The knowledge-application gap

The central finding of this pilot is a gap between what models know and what they do. All six models retrieved CLT-related knowledge in their Condition B reasoning traces. The closed-source models (Claude, both Geminis) explicitly named fading or the worked example effect but did not implement it. The open-weight models (DeepSeek R1, Qwen3-235B) engaged with CLT load types without reaching the specific principle of fading. None of the six applied fading in their output.

This is not an absence of knowledge. It is a failure to select and correctly apply the right principle from a set of known principles. When the prompt said "apply cognitive load theory," all models activated CLT-related knowledge, but defaulted to:

  • Clear formatting (extraneous load reduction)
  • Consistent structure (schema building)
  • Complete solutions (worked example effect)
  • Difficulty progression (element interactivity)

Fading did not make the cut. This pattern suggests that in training data, CLT is most frequently associated with presentation clarity and complete worked examples, not with scaffolding removal.

What "apply CLT" activates

The Condition B results reveal what these models treat as the default interpretation of "apply cognitive load theory." All six prioritised reducing extraneous load (formatting, annotations, consistency) and providing complete worked examples. These are valid CLT applications. But they are incomplete. A CLT-informed worked example sequence should include fading. The models treated CLT as a presentation framework rather than a design framework that governs the structure of the sequence itself.

For teachers, this means that prompting "use cognitive load theory" is likely to produce better-formatted examples, not pedagogically restructured sequences. The prompt activates surface features of CLT, not its deeper design implications.

The difficulty-fading confusion

All six models, when given no pedagogical instruction, equated "progression" with "harder equations." Gemini 3.1 Pro in Condition B went further, explicitly equating "fading" with "increasing complexity." This is the most common near-miss in the dataset.

The confusion is understandable. In everyday teaching language, "scaffold" can mean either "support a student through a difficult task" or "provide a structure that is gradually removed." The first sense is about difficulty; the second is about transfer of responsibility. Fading is about the second sense. The models default to the first.

Implications for teachers

Three practical implications emerge from this pilot, stated cautiously given the sample size:

  1. Do not assume AI applies best practice without specific instruction. If a teacher asks for worked examples without specifying pedagogical principles, the output is likely to be four complete examples that vary in difficulty but not in scaffolding structure.
  2. "Apply CLT" is not enough. The prompt activates CLT vocabulary but does not reliably activate the specific principle (fading) that governs how worked example sequences should be structured.
  3. Specific prompts produce correct outputs. When the prompt named and defined fading, all six models implemented it correctly. The more specific the instruction, the better the pedagogical quality of the output.

The teacher's role, then, is not eliminated by the model. It is shifted. The teacher needs to know what good instructional design looks like in order to prompt for it specifically, or to recognise when it is missing from the output.

Limitations

These limitations constrain what can be claimed from this pilot. They are not caveats to be skimmed. They define the boundaries of the findings.
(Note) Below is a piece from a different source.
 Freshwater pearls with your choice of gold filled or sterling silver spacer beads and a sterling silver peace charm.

  • Six models, one task, one principle. The knowledge-application gap was observed across all six models, which strengthens the finding relative to the original two-model pilot. However, all six were tested on the same task (two-step linear equations) and the same CLT principle (fading). The pattern may not generalise to other educational tasks or other CLT principles.
  • One run per condition. Claude's thinking mode blocks temperature control; Gemini models were run at default temperature. Without multiple runs, we cannot distinguish a stable model behaviour from a single-sample artefact.
  • One CLT principle. Fading is one of many CLT principles. The knowledge-application gap observed here may or may not generalise to other principles (e.g., the expertise reversal effect, the redundancy principle).
  • No human baseline. We do not know what percentage of human teachers would apply fading when asked to create worked examples. Without this comparison, we cannot say whether the models are better or worse than typical human practice.
  • Pilot, not confirmatory. This study tested a methodology. The findings are descriptive and exploratory. No inferential statistics are appropriate for n = 18.
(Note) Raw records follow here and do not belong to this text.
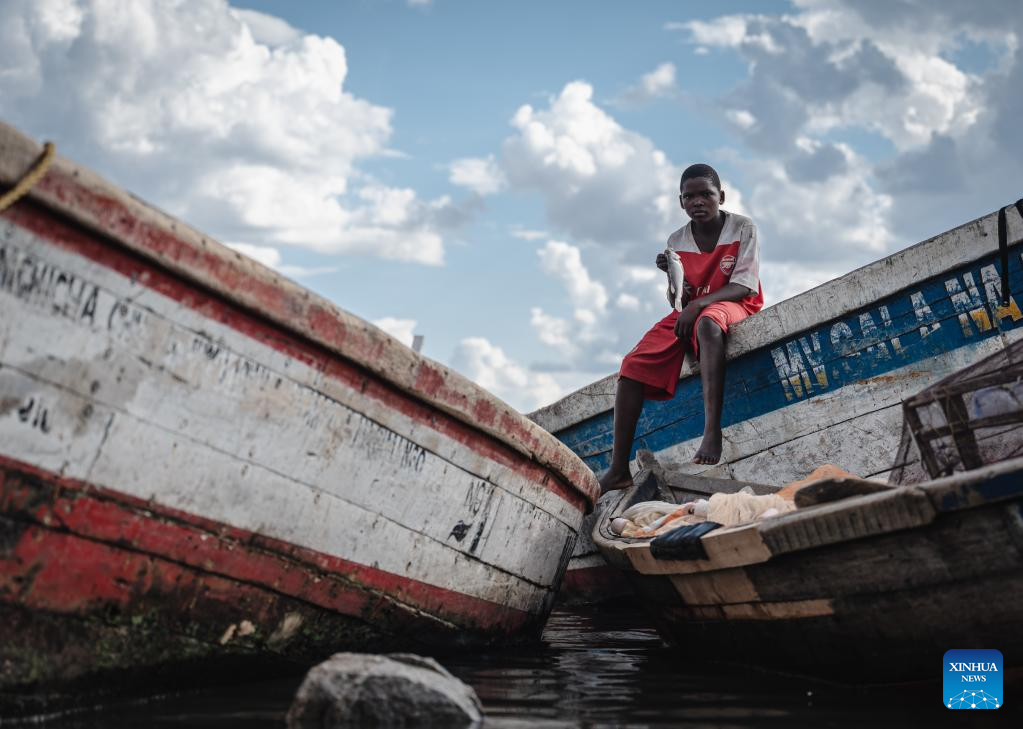 A young fisherman shows a fish on the shore of Lake Victoria in Mwanza region, Tanzania on June 10, 2023. Lake Victoria, located in the Great Rift Valley of East Africa, is the largest freshwater lake in Africa and the second largest freshwater lake in the world. Fishery is the main industry in the lake area, with an annual output value of 600 million U.S. dollars. It is an essential source of food and income for the residents along the lake. (Xinhua/Wang Guansen)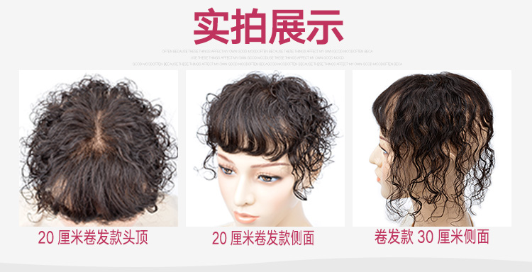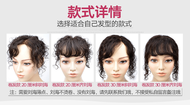 Real hair long slant bangs reissue block curly hair top cover white hair increase hair volume light and breathable Liu Hai film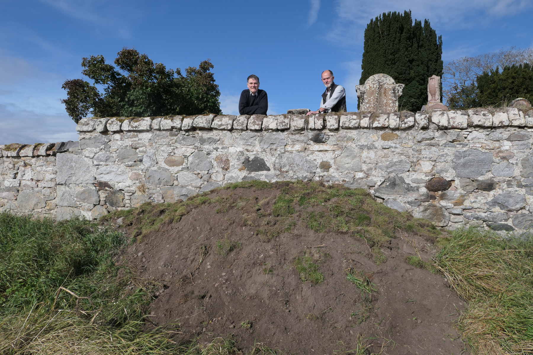 As ever at Kirkmichael we created a solution from two problems. The mound of surplus soil and stones deposited by the gravediggers in that area of the kirkyard was removed and built up on the outside of the dyke, both relieving the pressure on the inside and stabilising the dyke from the outside. We re-sowed the area we had levelled. And we re-turfed the mound to make it inconspicuous. The dyke could really do with the same treatment along all its southern extent to avoid eventual collapse.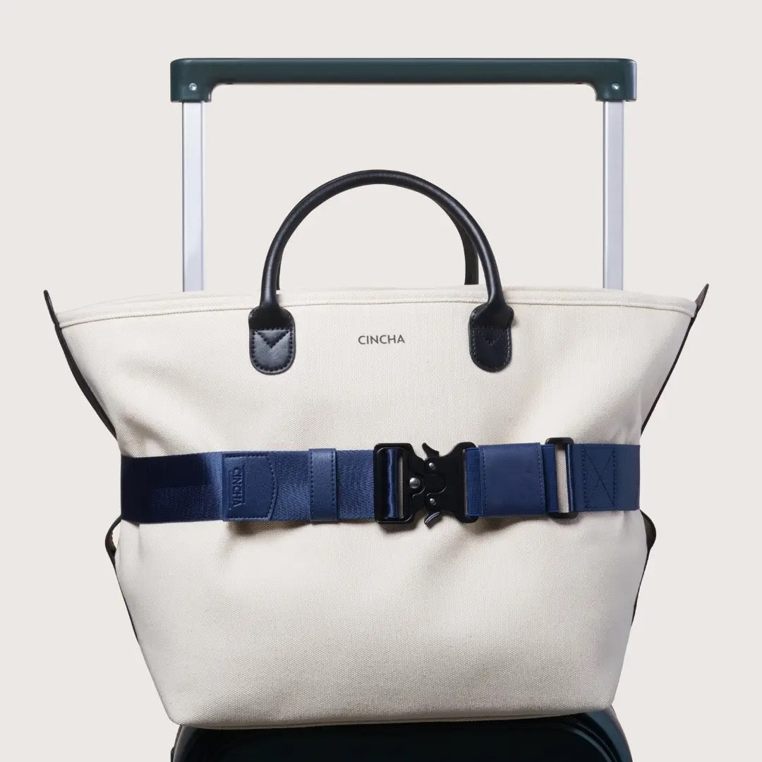 AS SEEN ON SHARK TANK, OPRAH DAILY & TRAVEL + LEISURE Make traveling easier with the Travel Belts. This chic accessory neatly secures your personal bag to your carry-on or checked luggage handle, so you can maneuver hand’s free. Turn (almost) any bag into your favorite travel bag in a cinch with the Travel belt. Choose from a range of fun colors and add a monogram for a truly personal touch. Secure the bag! Matte black quick-release buckle Vegan leather and elastic accents Weight: 7.8 oz Adjustable to 45" to fit most bags Elastic allows for an extra tight hold

What a larger study should test

If the methodology proves useful, a larger study could address the pilot's limitations:

  • More runs per model: 3–5 runs per condition per model to assess consistency, now that six models have shown the same pattern.
  • More CLT principles: Test fading alongside the expertise reversal effect, the redundancy principle, and the split-attention effect. Does the gap appear for all principles or only some?
  • Multiple runs: 3–5 runs per condition per model to assess consistency.
  • Human baseline: Administer the same prompts to qualified teachers and instructional designers. How often do humans apply fading without specific instruction?
  • Cross-model scoring with reliability metrics: Formal inter-rater reliability computation across multiple independent LLM judges.
  • Multi-turn prompting: Test whether models apply fading when given follow-up prompts (e.g., "Can you restructure these to gradually remove scaffolding?").